Ze względu na tę funkcję Krwi Jezusa w naszym katolickim Kościele rozwinął się kult Przenajświętszej Krwi naszego Pana Jezusa Chrystusa. W przedsoborowym kalendarzu liturgicznym obchodzono 1 lipca Święto Przenajświętszej Krwi naszego Pana. Po II Soborze Watykańskim połączono to święto z Bożym Ciałem. Jedna z litanii przeznaczonych do publicznego odmawiania poświęcona jest Przenajświętszej Krwi naszego Pana. W Belgii w Bruggi znajduje się sanktuarium Przenajświętszej Krwi naszego Pana. W tym sanktuarium przechowywane są relikwie Przenajświętszej Krwi. Czymś o wiele ważniejszym od tych relikwii jest żywa relikwia krwi Pańskiej na naszych ołtarzach. Nawiązuje do niej ołtarz w Gent/Gandawie przedstawiający adorację Baranka. Baranek stoi na ołtarzu, a z jego boku spływa krew do kielicha. Ołtarz z Gandawy przedstawia to, co mamy na naszych ołtarzach. Na naszych ołtarzach mamy Przenajświętszą Krew Baranka w mszalnych kielichach.
Jest to Krew wylana za nasze grzechy. Wylanie Krwi jest czytelnym gestem ofiarniczym. Wylanie Krwi wskazuje na ofiarniczy charakter mszy św. Jan Paweł II nauczał nas, że msza św. jest przekaźnikiem krzyżowej ofiary Jezusa do ludzi wszystkich czasów i wszystkich miejsc na ziemi. Z tej ofiary spożywamy Komunię Świętą. Sobór w Konstancji naucza nas, że przyjmując Ciało Chrystusa przyjmujemy całego Chrystusa. Ciału Chrystusa towarzyszy bowiem Krew. Dzięki spożywaniu Krwi z ofiary Jezusa wchodzimy we wspólnotę z Bogiem. A wspólnota z Bogiem to istota religijności. Słowo „religia” można wyprowadzić od łacińskiego religare – wiązać. Krew Pana wiąże więc nas z Bogiem. A zatem nie można być religijnym bez mszy i Komunii Świętej.
Odnośnie mszy i Komunii św. Teresa z Lisieux powiedziała: „Gdyby ludzie znali wartość Eucharystii, służby porządkowe musiałyby kierować ruchem u wejścia do kościołów”. Dzisiaj może jeszcze trzeba by kierować ruchem u wejścia do kościołów w czasie uroczystości Pierwszej Komunii Świętej. Ta uroczystość zostaje utrwalona na licznych zdjęciach, ale nie w życiu.

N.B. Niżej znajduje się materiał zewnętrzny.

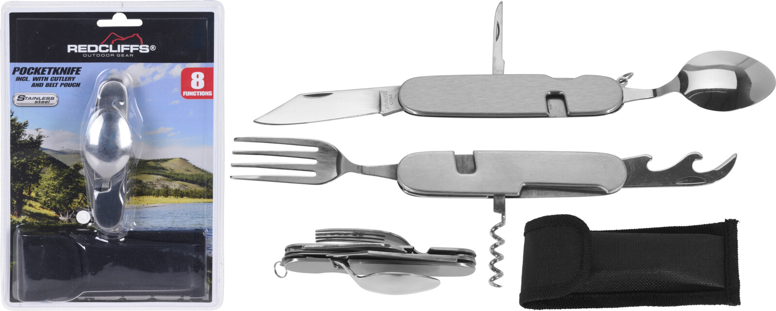 Monitoimityökalu, jossa lusikka, haarukka, veitsi, korkkiruuvi, pullonavaaja, tölkinavaaja ja naskali. Ruostumatonta terästä.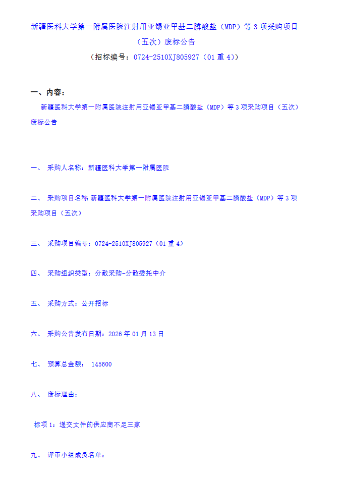 【新疆医科大学第一附属医院】新疆医科大学第一附属医院注射用亚锡亚甲基二膦酸盐(MDP)等3项采购项目(五次)废标公告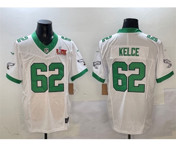 Men's Philadelphia Eagles #62 Jason Kelce White 2025 Super Bowl LIX Patch F.U.S.E. Vapor Untouchable Limited Stitched Football Jersey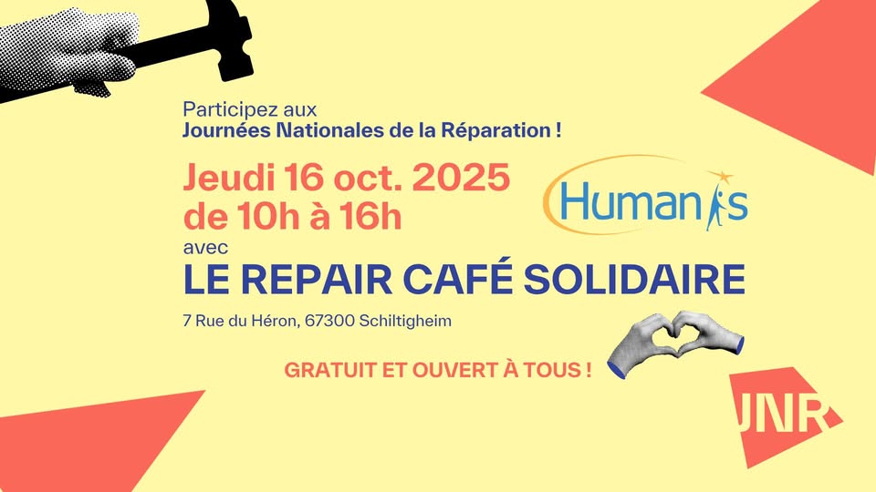 Le Collectif HUMANIS organise un Repair Café Solidaire le jeudi 16 octobre 2025 de 10h à 16h à HUMANIS (7 rue du Héron à Schiltigheim), dans le cadre des Journées Nationales de Réparation.

W życiu następuje ucieczka od Komunii Świętej. Znakiem tej ucieczki są pustoszejące świątynie. W Maastricht widziałem kościół zamieniony na warzywniak, inny na siłownię, a jeszcze inny na restaurację. Wiele jest przyczyn pustoszenia świątyń. Zewnętrzną przyczyną może być programowa dezynfekcja chrześcijaństwa dokonywana przez Nową Lewicę. W wyniku tej dezynfekcji mamy np. długi wiosenny weekend, czy bliżej nieokreślone sezonowe święto, zamiast Wielkanocy. Jednak o wiele poważniejsza przyczyna pustoszenia świątyń tkwi w nas samych. Nie znamy bowiem skarbów, które posiadamy. Wielki Czwartek przypomina nam o tych skarbach. Jest to Krew Jezusa jako ofiara i pokarm. Jeżeli to jest dla kogoś skarbem, to oczywistym będzie dla niego imperatyw z dzisiejszego psalmu: „Podniosę kielich zbawienia
i wezwę imienia Pana”. Dla nas tym kielichem zbawienia jest Krew Zbawiciela jako Eucharystia, czyli ofiara i napój. A zatem niech ten skarb mający postać chleba i wina będzie nam bliski jak pokarm i napój. A jego przyjmowanie niech będzie tak oczywiste, jak przyjmowanie pokarmu i napoju.